Material provided:
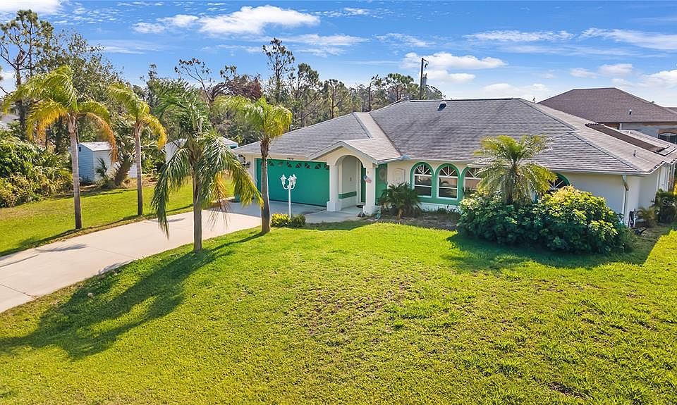 SOLAR HEATED POOL HOME ON DOUBLE LOCATED IN GULF COVE! Three Bedroom, 2 bath, 2 car garage (20' X 19' with utility sink), fenced back yard and room to grow. The 1,920 square foot home sits on a double lot and has two sheds with electric on the corner lot with 3 additional lots. Walking into to the double entry doors to the foyer you enter with a living room and formal dining area. Eat-in kitchen with granite counter tops, recessed lighting and tubular skylight allowing for natural light in the kitchen which is open to the family room. Master bedroom with en-suite with roman shower and double vanities. Two bedrooms on the opposite side of the home with the guest bathroom leading out to the pool. Pool is surrounded by screened pool enclosure and great 11' x 22' lanai area for entertaining. Master bedroom, formal dining and one guest bedroom have sliding glass doors and two sliding glass doors in the kitchen all leading out to the entertaining pool area. In-side laundry with skylight offering natural light. Hot water heater is 9/2013 , Air Conditioner is 10/2009, roof 2013, home is wired for full home generator, irrigation system with well, deck restored in pool area, and hurricane shutters. Just 1/2 mile from the private Gulf Cove boat ramp and beautiful park on the Myakka River. Furnishings are negotiable. Property Owners of Gulf Cove, Inc. may apply for Membership and Ramp Decal Info: Any property owner, which includes vacant lot owners as well as home owners in Gulf Cove, may apply for membership in the Property Owners Of Gulf Cove Inc. association. Annual membership dues are currently $65.00 per year. Yearly membership runs from January 1 through December 31.
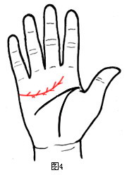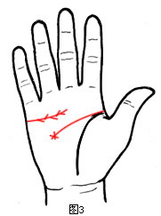 一般地说(如图3),在智慧线末端有叉状纹,表示这个人疑心较重,而感情线短促,且上下均有歧线支出,表示这个人在感情上最容易全部投入,同时也喜欢对方全部投入,而且把对方给予的爱当成是自己的“私有财产”,所以这种人的感情虽有可爱的一面,但更有可怕的一面,如果调整不当,就会容易引起无端风波。男女结合的媒介是爱情,爱情萌发需要土壤,这种土壤是彼此关心、体贴、呵护,而不是互相猜疑,所以有此手相的人切记:爱情不妨大撒把。
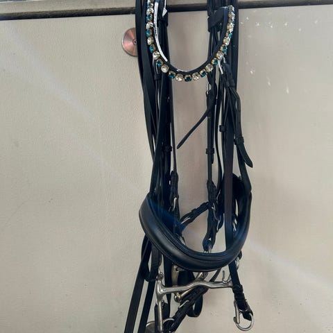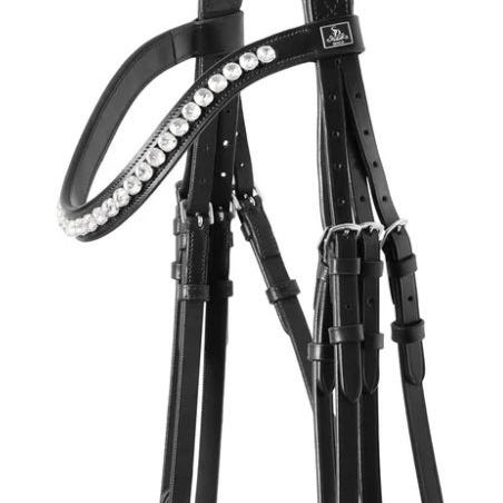 Jeg har skiftet den oprindelige bridon tøjle ud med en lækker soft læder tøjle ligeledes fra By Weber. Denne tøjle har indbyggede "stoppere" (se billede)
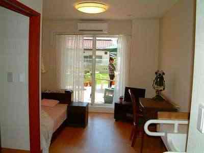 | 居室設備 | 介護用電動ベッド・寝具・照明・冷暖房・チェスト・クローゼット・防火カーテン・ナースコール・コンセント・洗面所・防火設備(スプリンクラー、熱感知器、非常時放送用スピーカー)・トイレ・TV回線 |
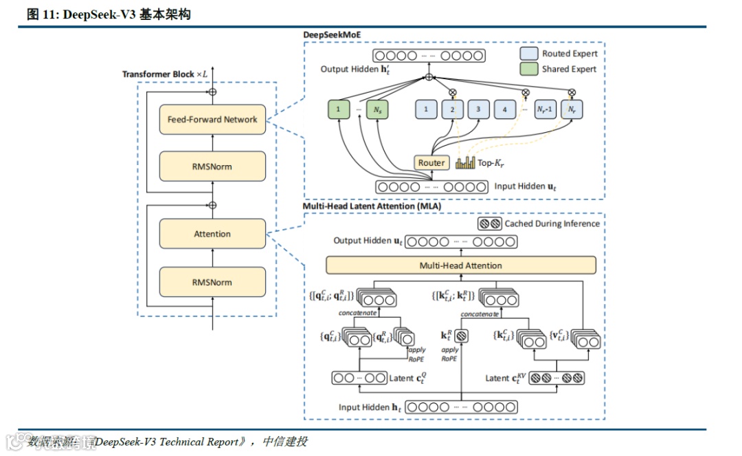 多头潜在注意力(MLA):LLM的核心机制是自注意力(Self-Attention),其要求模型在生成每个token时考虑之前所有词的关系,则假设文本长度n时总体复杂度为〖O(n〗^3)=O(Σn^2);过去的研究提出了KV Cache方法,利用键值对(KV)存储已计算的注意力信息,此时总体复杂度降低为O(n^2);而MLA则进一步通过投影的方式,将token的相异信息通过投影矩阵存储,在几乎不损失信息的情况下减少键值的缓存需求。
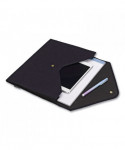 A trendy yet professional way to keep you organized. Great for customer meetings and working away from your home office. Features a soft cloth exterior with matching sewn stitching, black cloth interior and snap closure. Expands up to 2" to allow for multiple storage options, such as a tablet or small laptop, phone, lined note pad or journal.
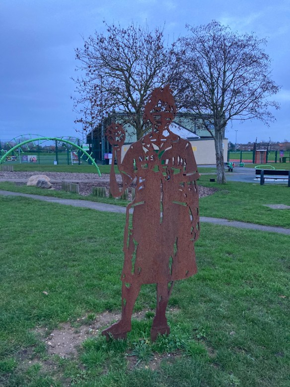 Onward ever onward we somehow manage the next three miles to the outskirts of Kings Lyn where we are very grateful for a footpath leading into the town. A homage to those working in the NHS stands sentinel in a children’s playground.
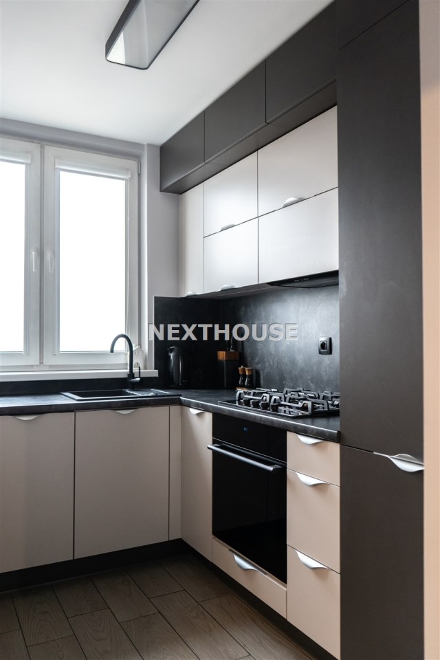 Kuchnia: Pełne wyposażenie AGD w zabudowie (płyta gazowa, piekarnik, lodówka, okap). Estetyczna zabudowa w modnym kontraście kolorystycznym.
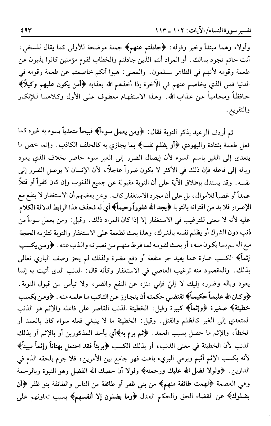 أي له فحذف هذا الرابط لدلالة الكلام عليه لأنه لا معنى للترغيب في الاستغفار إلا إذا كان المراد ذلك. وقيل: ومن يعمل سوءا من ذنب دون الشرك أو يظلم نفسه بالشرك، وهذا بعث لطعمة على الاستغفار والتوبة لتلزمه الحجة مع العلم بما يكون منه، أو بعث لقومه لما فرط منهم من نصرته والذب عنه. وَمَنْ يَكْسِبْ إِثْماً
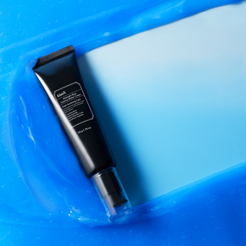 De Dear Klairs Midnight Blue Clearing Water Cream is een lichte, verkoelende watercrème die de gevoelige en geïrriteerde huid helpt kalmeren en herstellen. Dankzij de unieke Blue Calming Formula™ met Guaiazulene, EGF-peptiden en Madecassoside wordt de huidtemperatuur verlaagd en roodheid verminderd. De formule met 8 soorten hyaluronzuur voorziet de huid van langdurige hydratatie, terwijl Niacinamide helpt om pigmentatie en oneffenheden te verminderen voor een helderdere, egale teint.
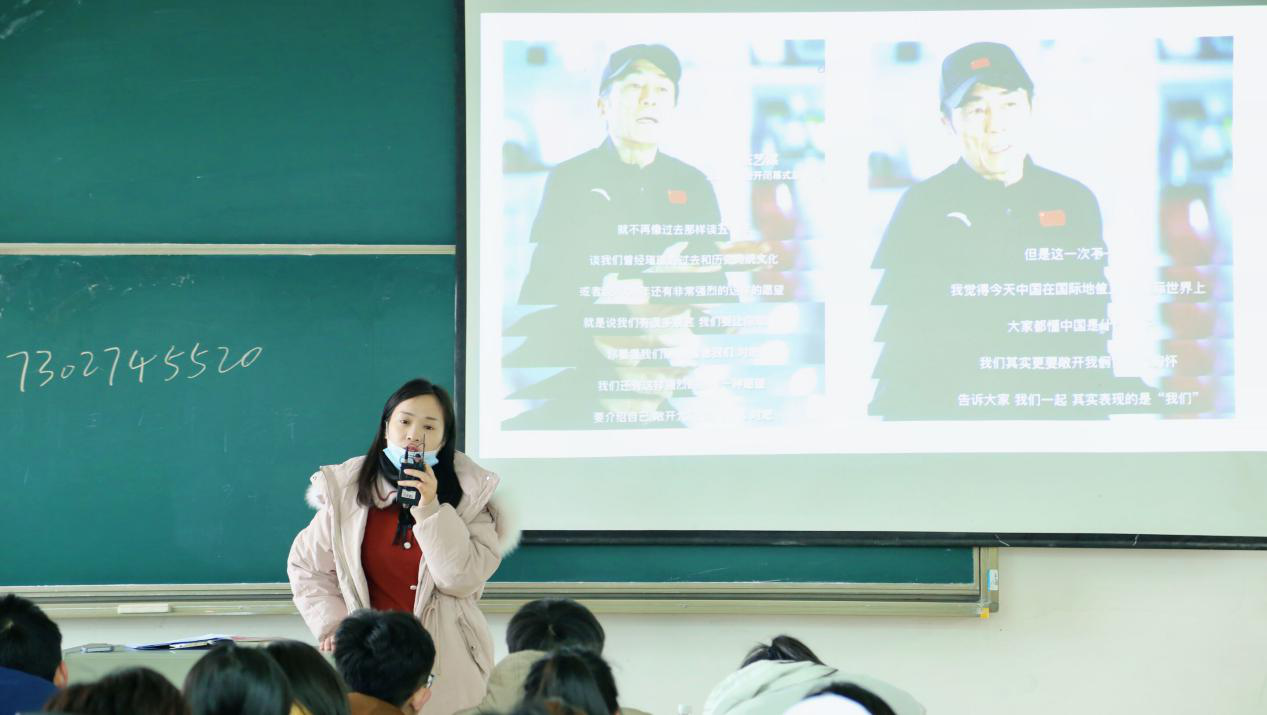 这样融洽的氛围出现在乐竞平台5302教室,思政课部教师王辉将2022北京冬奥会作为本次课程的楔子,展开了对马克思主义中国化的历史进程与理论成果的阐述与讲解。

Task brief:
In the copy, leave out all pictures, and retype exactly each line from the one with "أي له فحذف هذا" through the last line of the entries.

Task response:
 أي له فحذف هذا الرابط لدلالة الكلام عليه لأنه لا معنى للترغيب في الاستغفار إلا إذا كان المراد ذلك. وقيل: ومن يعمل سوءا من ذنب دون الشرك أو يظلم نفسه بالشرك، وهذا بعث لطعمة على الاستغفار والتوبة لتلزمه الحجة مع العلم بما يكون منه، أو بعث لقومه لما فرط منهم من نصرته والذب عنه. وَمَنْ يَكْسِبْ إِثْماً
 De Dear Klairs Midnight Blue Clearing Water Cream is een lichte, verkoelende watercrème die de gevoelige en geïrriteerde huid helpt kalmeren en herstellen. Dankzij de unieke Blue Calming Formula™ met Guaiazulene, EGF-peptiden en Madecassoside wordt de huidtemperatuur verlaagd en roodheid verminderd. De formule met 8 soorten hyaluronzuur voorziet de huid van langdurige hydratatie, terwijl Niacinamide helpt om pigmentatie en oneffenheden te verminderen voor een helderdere, egale teint.
 这样融洽的氛围出现在乐竞平台5302教室,思政课部教师王辉将2022北京冬奥会作为本次课程的楔子,展开了对马克思主义中国化的历史进程与理论成果的阐述与讲解。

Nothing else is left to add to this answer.